Ainda que não seja possível comprovar que é uma doença, o transtorno mental passou a ser tratado e definido cientificamente como se fosse. As definições cada vez mais pesadas sobre os alienados aumentam a hostilidade da população, inviabilizando qualquer possibilidade de retorno ao convívio social amistoso.

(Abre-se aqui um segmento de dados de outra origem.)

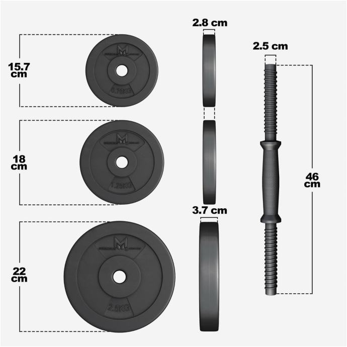 Set s 2 šipke za bučice i 16 utega (0,75-2,5 kg)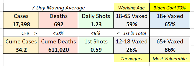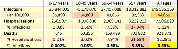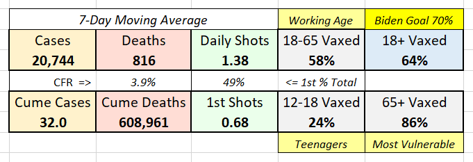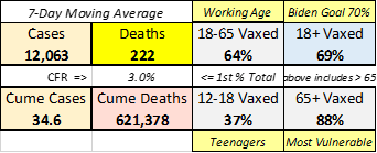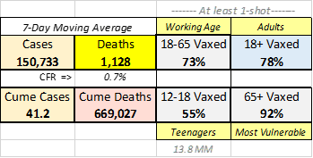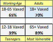 That would raise the number of UVEs (unvaccinated equivalents) up to 146.25 million (equal to 65% of 18 and over adults) … the 146.25 million is made up of 67.5 million unvaccinateds and 78.5 million vaccinateds whose vaccine effectiveness has waned (225 times 70% times 50%).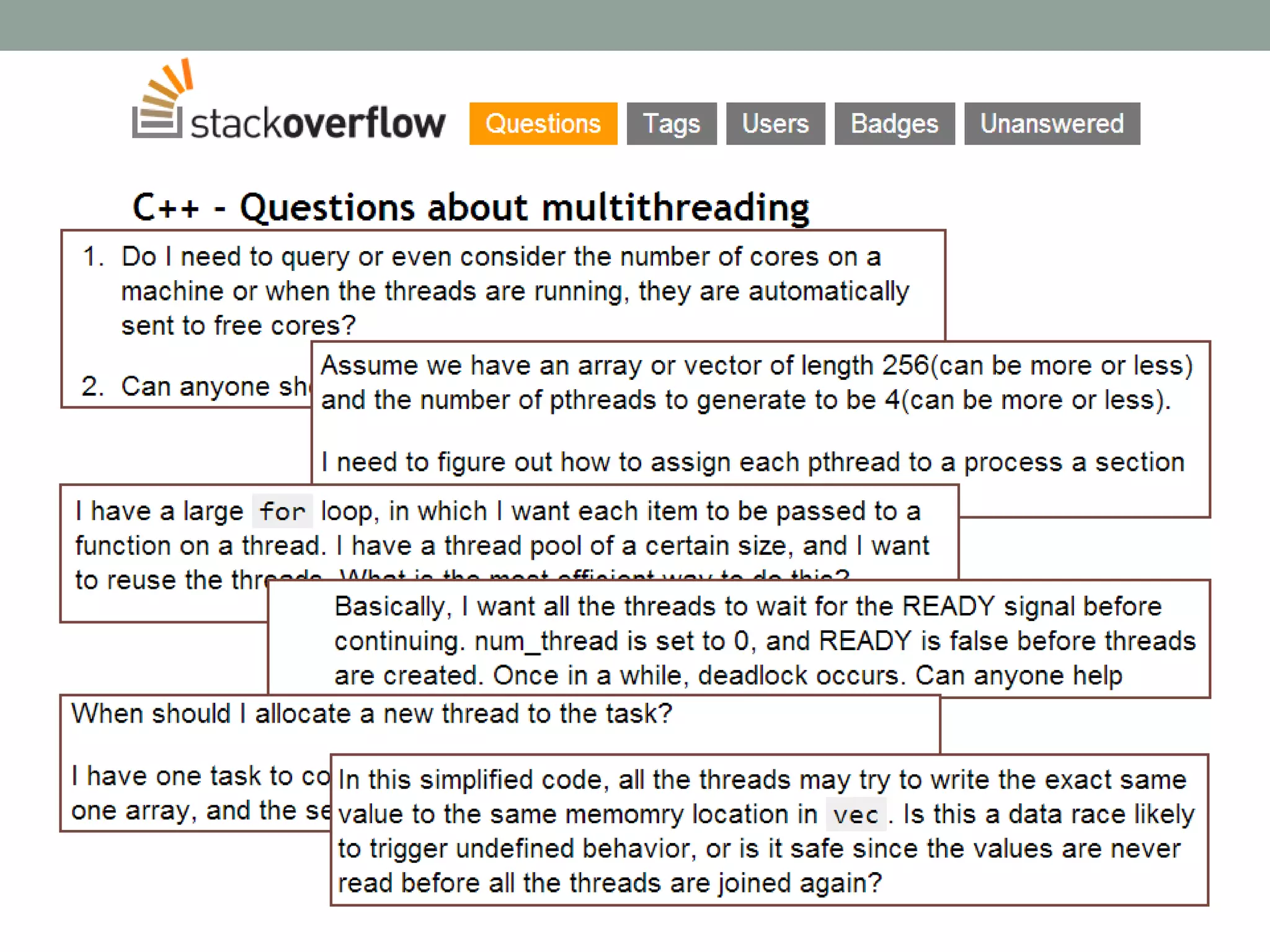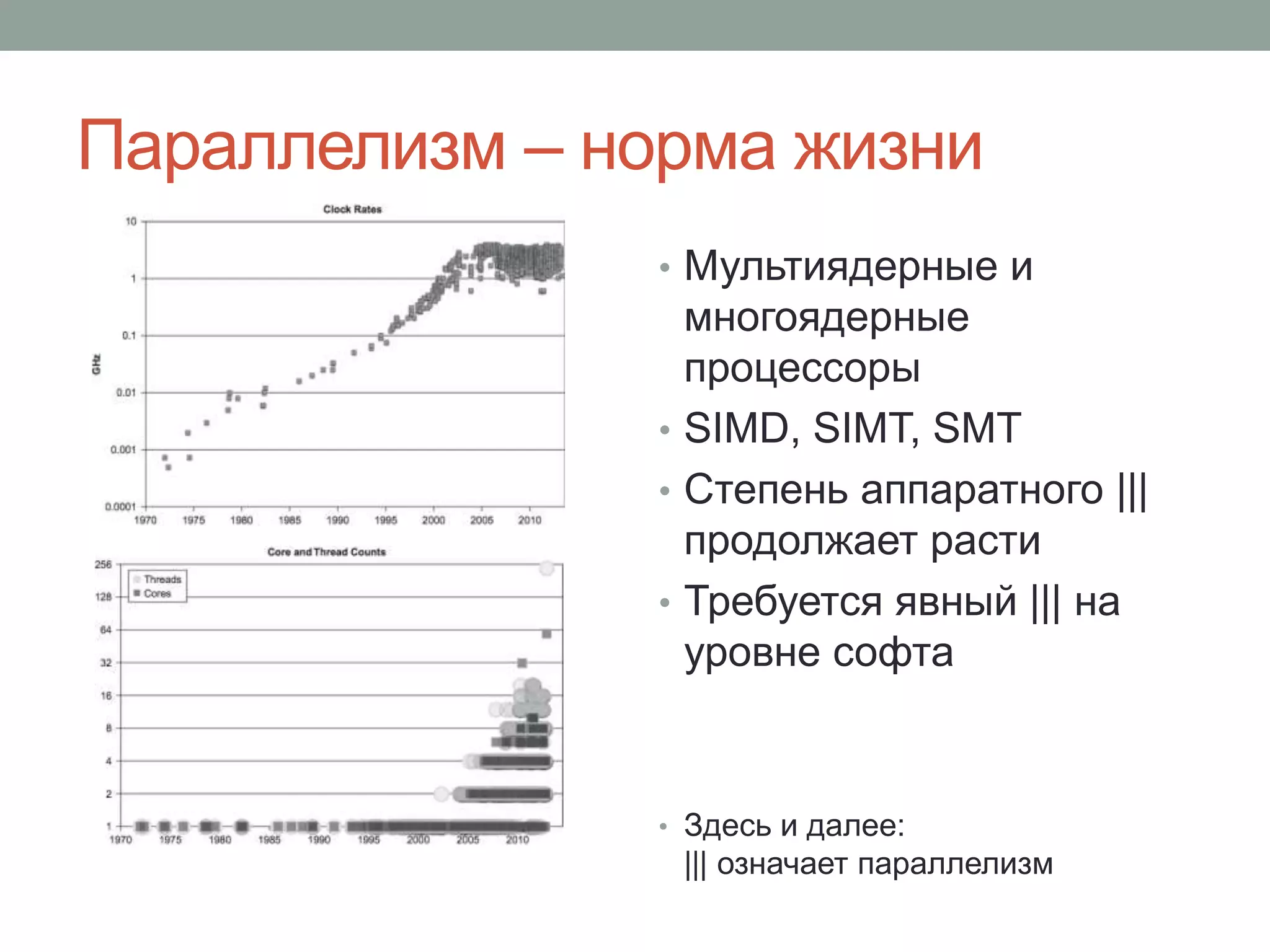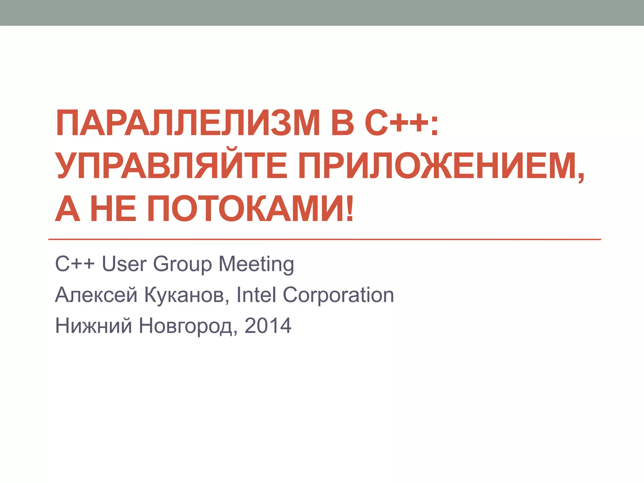 Документ обсуждает параллелизм в C++ и важные аспекты управления многопоточной программой, включая применение библиотек, таких как Intel TBB и Cilk Plus. Рассматриваются подходы к повышению эффективности параллельных вычислений через использование шаблонов и методов, таких как fork-join и редукция. Основное внимание уделяется необходимости экспертизы в разработке многопоточных программ и внедрению подходов к абстракции параллелизма на алгоритмическом уровне.

Fomos levados a esquecer que dentro daqueles corpos existiam pessoas que não escolheram aquela condição, e que percebiam, a seu modo, que isso não é certo, não é justo e dói. Quando chegamos a esse ponto, o de anulação do outro, as atrocidades cometidas não têm limite.

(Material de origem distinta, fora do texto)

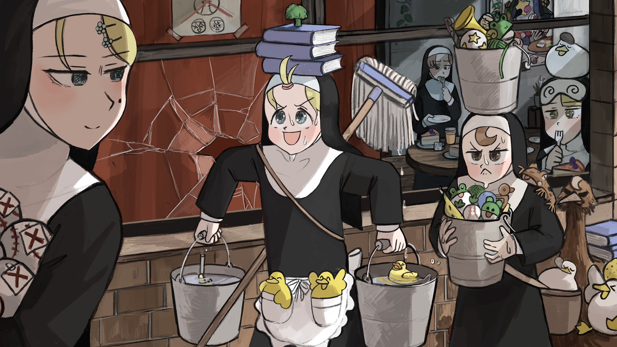 >_< 5girls :< :d ^_^ abstract apron baby_animal bag ball banana bangs_pinned_back baseball bird book book_stack brick_wall broccoli broken_glass broken_window bucket bucket_of_water cake cake_slice chicken closed_eyes clumsy_nun_(diva) cup curtains diva_(hyxpk) doll drinking_glass duck duckling eating eye_mask flower food fork frog froggy_nun_(diva) fruit glass hanging_plant highres holding holding_bucket hungry_nun_(diva) in_bag in_container in_pocket juice lily_(flower) little_nuns_(diva) mask mole mole_under_eye mop multiple_girls nun nun_headdress object_on_head open_mouth orange_juice ostrich painting_(object) plant plate poster_(object) potted_plant rubber_duck satchel shadow slice_of_life smile spicy_nun_(diva) strict_nun_(diva) sweat table topknot toy traditional_nun u_u utensil_in_mouth waist_apron window x_(symbol) yarn yarn_ball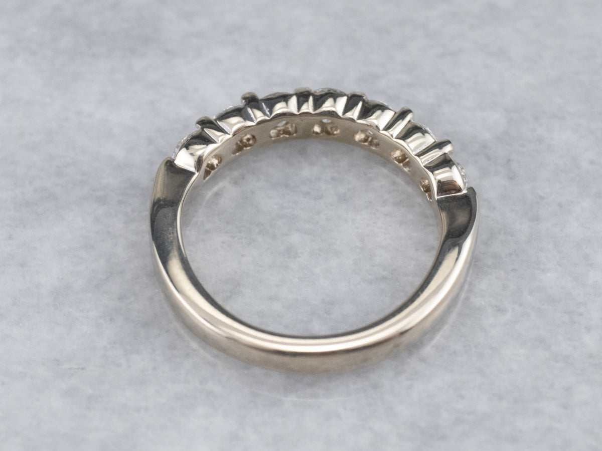 This is a classic wedding band made impressive by the quality of its materials! Crafted of 18 karat white gold, this ring has a bright polish that pairs perfectly with the exceptional diamonds set into it. When worn, this band displays a full row of intense, light-filled sparkle.

Pulo, aqui, a parte dos remédios e da medicalização, a dos eletrochoques e da lobotomia, e, tentando superar a dificuldade de redefinir os conceitos de normal e anormal, avanço para 6 de abril de 2001, quando é assinada a Lei da Reforma Psiquiátrica, ou Lei Paulo Delgado. É a lei que estabeleceu que essas pessoas são iguais em direitos na nossa Constituição e merecedoras de proteção, assistência e saúde garantidos pelo Estado.

Um mundo que nos adoece

A lei é perfeita e define a abrangência da atuação da RAPS (Rede de Atenção Psicossocial) em todas as situações que envolvam problemas de saúde decorrentes de sua condição. Acontece que a etapa final desse processo, que é o retorno ao convívio social, não foi planejada. Segundo a Organização Mundial de Saúde (OMS), além da ausência de doenças ou enfermidades, saúde é também um estado de completo bem-estar físico, mental e social. Sem a garantia do acolhimento e a aceitação da diversidade humana não há saúde.

Estamos vivendo em um mundo que pode nos adoecer. Mas como queremos ser tratados? Como posso contribuir para a plena saúde dessas pessoas quando retornam ao lugar a que pertencem? O que me ensinaram sobre os loucos e a loucura?

Sou professor de teatro e resolvi entender meu papel. Ofereci aulas para usuários do serviço de saúde mental (CAPSIJ, SOIS E CAPS III), e passei a conviver com pessoas que estavam voltando a se sentir pertencentes a partir da mudança de paradigmas e com a implementação da lei. Nas caminhadas do 18 de maio, Dia Nacional da Luta Antimanicomial, descobri o que poderia fazer.

Dia de luta, porque a lei não bastou. E, incrível, ainda há quem entenda que essa lei não é boa e que deve ser revertida. Sim, algumas pessoas ainda querem nos fazer acreditar que aquele modelo dos manicômios é o mais adequado.

Louco é pouco

Acabei ficando amigo de muitas pessoas que estavam engajadas nessa luta e resolvi entrar para o movimento, não como ativista político, mas como professor que teve sua vida mudada pela arte e que resolveu trabalhar com aqueles que a maioria não queria como alunos. Em um jogo de ganha-ganha, ficamos todos felizes. Tão felizes que acabamos decidindo formar, em Joinville, um grupo de teatro em plena pandemia da Covid-19, enquanto fazíamos nossos encontros usando computadores ou celulares. O nome do grupo: Louco é Pouco.

Como pessoas que somos, todos, experimentamos e escolhemos fazer teatro juntos. Ouso dizer que, pela definição da OMS, nosso grupo está bem saudável. Com a criação do grupo, nasceu também o tema para a primeira montagem: “O que você sabe sobre mim?” – além do meu prontuário médico, além do que você ouviu falar sobre pessoas com transtornos. Nos conhecemos bastante com os relatos de cada um e o resultado na cena ficou poderoso.

Falamos de pessoas em sua diversidade, fazendo coisas que dão prazer, que escolhem fazer. Toda história merece ser contada. E, como sonhamos alto, sempre, já havíamos pensado em produzir um documentário contando nossas histórias e como chegamos ao teatro. Reunimos uma equipe incrível e, em março, finalizamos as filmagens do longa-metragem “O que você sabe sobre mim?”, que tive o imenso prazer de dirigir ao lado da cineasta Maria Emília de Azevedo. Nossa história vai acontecer na tela e abrir uma janela para falarmos mais sobre saúde, sobre ser saudável. Quem faz arte, adoece menos.


Robson Benta é ator, professor e diretor de teatro.